> What to work on
Look below for the line containing "After that, we" and the line containing "- Подставка для", then set down both and every line between them exactly, without pictures.

> Provided entries
* * * * *
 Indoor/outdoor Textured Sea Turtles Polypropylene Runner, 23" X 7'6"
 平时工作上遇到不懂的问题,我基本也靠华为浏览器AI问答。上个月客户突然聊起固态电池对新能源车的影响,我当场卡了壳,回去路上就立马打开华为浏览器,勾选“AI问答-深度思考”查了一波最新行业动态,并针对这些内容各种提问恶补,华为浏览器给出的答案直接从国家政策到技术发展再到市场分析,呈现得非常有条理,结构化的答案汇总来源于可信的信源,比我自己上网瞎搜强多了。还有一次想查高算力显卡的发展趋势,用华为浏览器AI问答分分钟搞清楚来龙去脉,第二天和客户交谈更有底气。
* * * * *
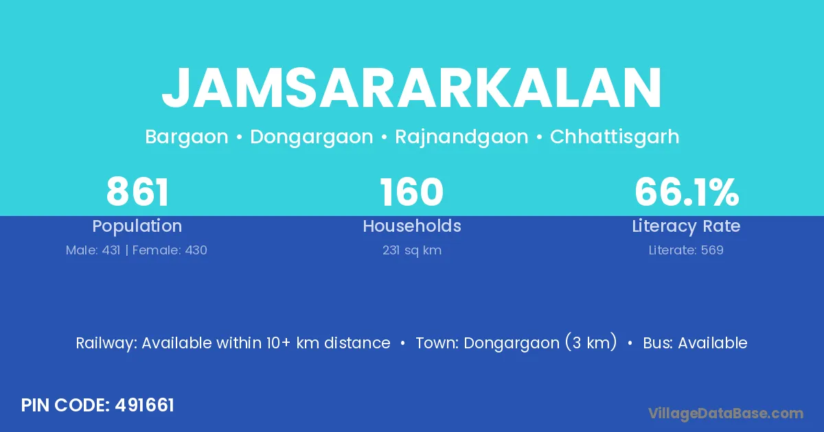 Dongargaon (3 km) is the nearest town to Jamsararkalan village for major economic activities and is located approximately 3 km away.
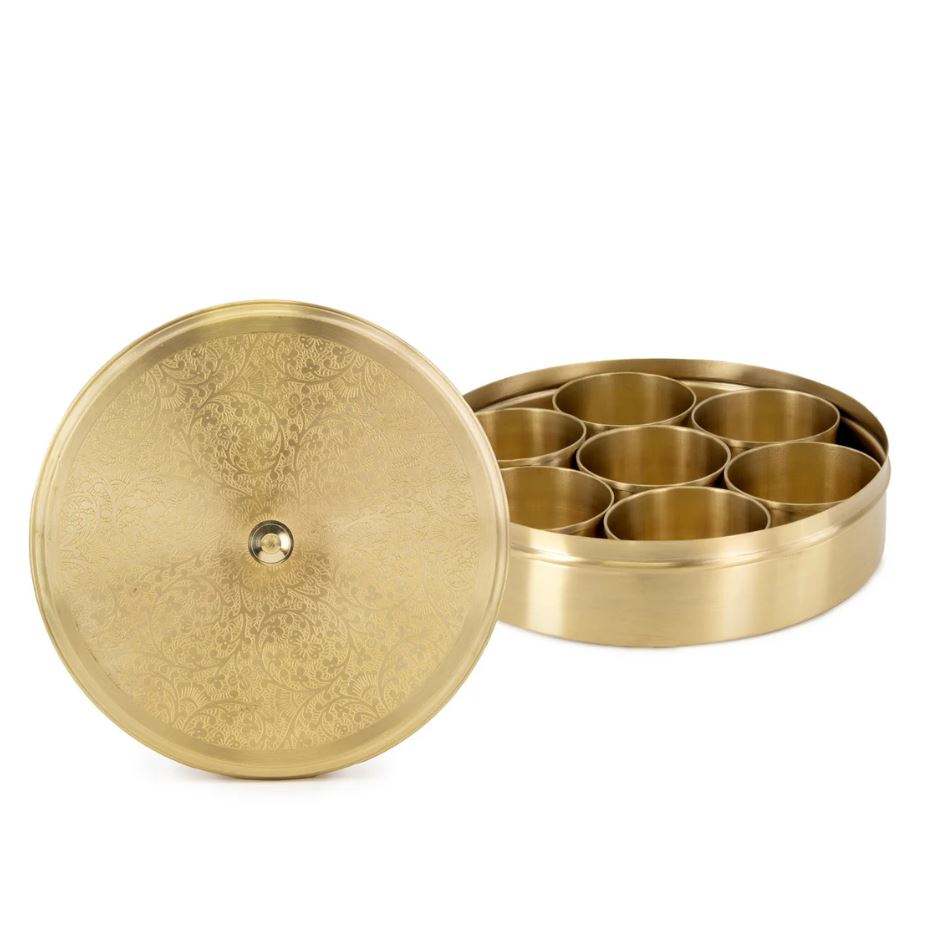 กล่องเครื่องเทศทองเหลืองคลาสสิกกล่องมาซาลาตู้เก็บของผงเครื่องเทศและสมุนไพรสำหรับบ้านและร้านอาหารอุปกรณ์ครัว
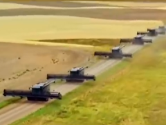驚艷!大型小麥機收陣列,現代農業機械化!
* * * * *
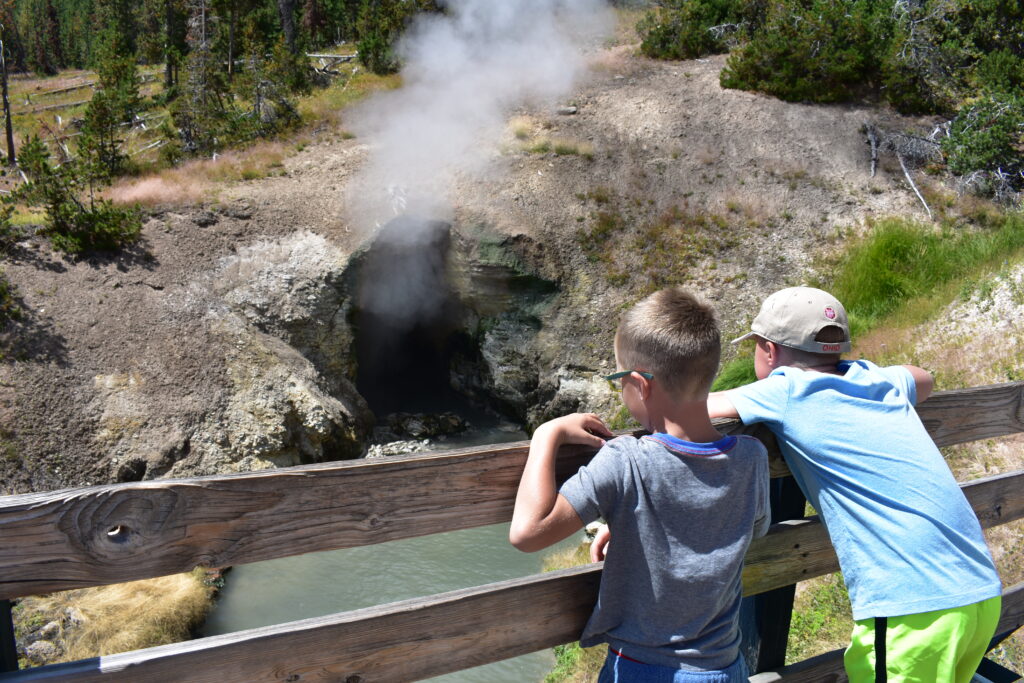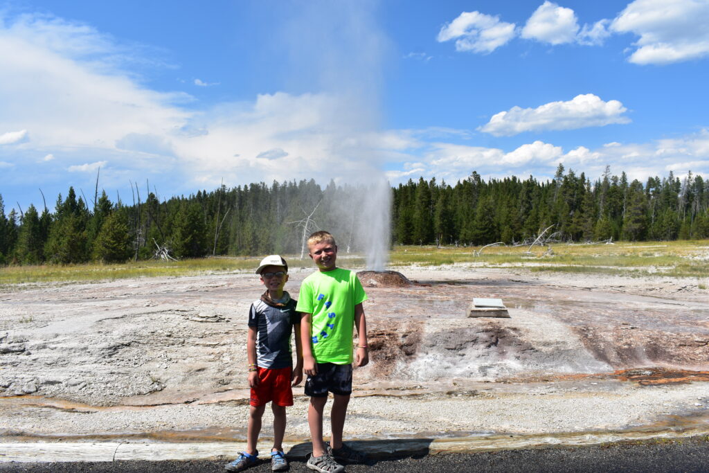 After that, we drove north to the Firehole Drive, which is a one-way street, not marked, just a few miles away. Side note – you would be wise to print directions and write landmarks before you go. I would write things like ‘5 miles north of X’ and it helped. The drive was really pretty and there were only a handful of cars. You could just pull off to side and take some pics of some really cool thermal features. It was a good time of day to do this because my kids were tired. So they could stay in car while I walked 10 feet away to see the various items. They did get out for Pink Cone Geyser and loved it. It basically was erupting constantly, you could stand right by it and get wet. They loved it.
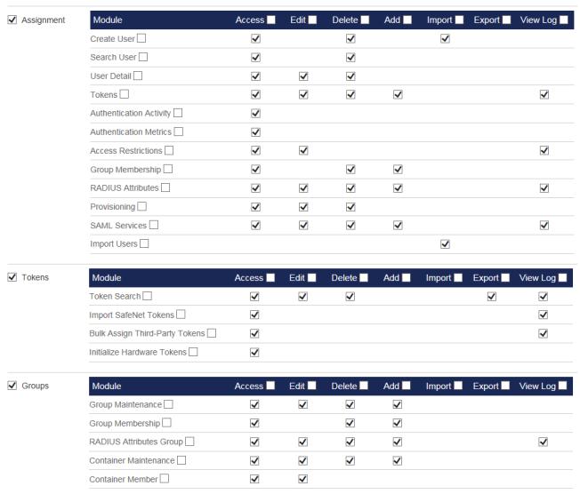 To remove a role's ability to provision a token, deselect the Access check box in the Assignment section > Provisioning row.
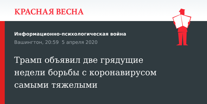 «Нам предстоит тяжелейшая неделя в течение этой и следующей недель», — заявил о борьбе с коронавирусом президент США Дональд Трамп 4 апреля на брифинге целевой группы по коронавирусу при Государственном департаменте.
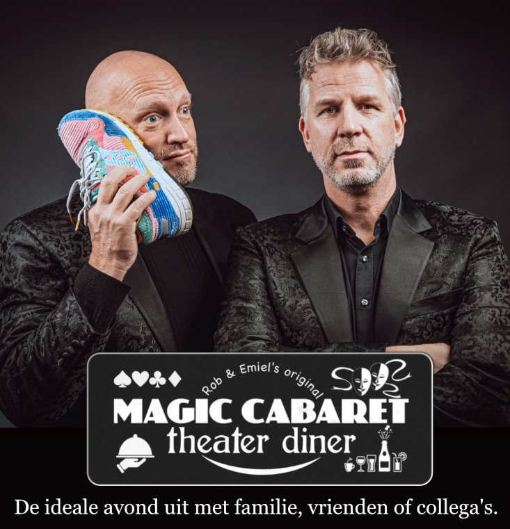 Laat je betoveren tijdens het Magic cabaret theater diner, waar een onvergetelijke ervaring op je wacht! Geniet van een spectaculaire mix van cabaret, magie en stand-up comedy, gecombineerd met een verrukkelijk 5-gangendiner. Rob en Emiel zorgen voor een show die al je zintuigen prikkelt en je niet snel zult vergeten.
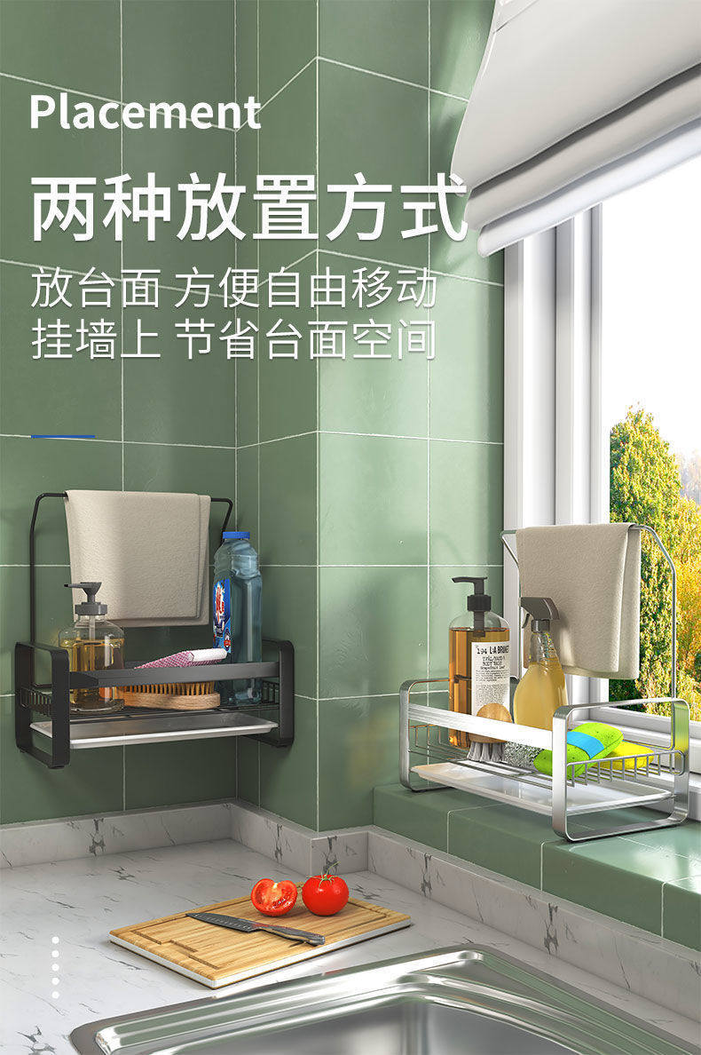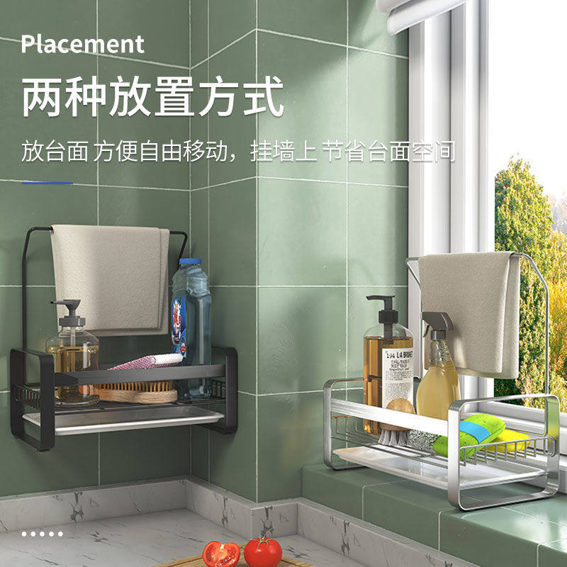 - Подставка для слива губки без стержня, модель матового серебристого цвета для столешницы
* * * * *
> Result below
 After that, we drove north to the Firehole Drive, which is a one-way street, not marked, just a few miles away. Side note – you would be wise to print directions and write landmarks before you go. I would write things like ‘5 miles north of X’ and it helped. The drive was really pretty and there were only a handful of cars. You could just pull off to side and take some pics of some really cool thermal features. It was a good time of day to do this because my kids were tired. So they could stay in car while I walked 10 feet away to see the various items. They did get out for Pink Cone Geyser and loved it. It basically was erupting constantly, you could stand right by it and get wet. They loved it.
 To remove a role's ability to provision a token, deselect the Access check box in the Assignment section > Provisioning row.
 «Нам предстоит тяжелейшая неделя в течение этой и следующей недель», — заявил о борьбе с коронавирусом президент США Дональд Трамп 4 апреля на брифинге целевой группы по коронавирусу при Государственном департаменте.
 Laat je betoveren tijdens het Magic cabaret theater diner, waar een onvergetelijke ervaring op je wacht! Geniet van een spectaculaire mix van cabaret, magie en stand-up comedy, gecombineerd met een verrukkelijk 5-gangendiner. Rob en Emiel zorgen voor een show die al je zintuigen prikkelt en je niet snel zult vergeten.
 - Подставка для слива губки без стержня, модель матового серебристого цвета для столешницы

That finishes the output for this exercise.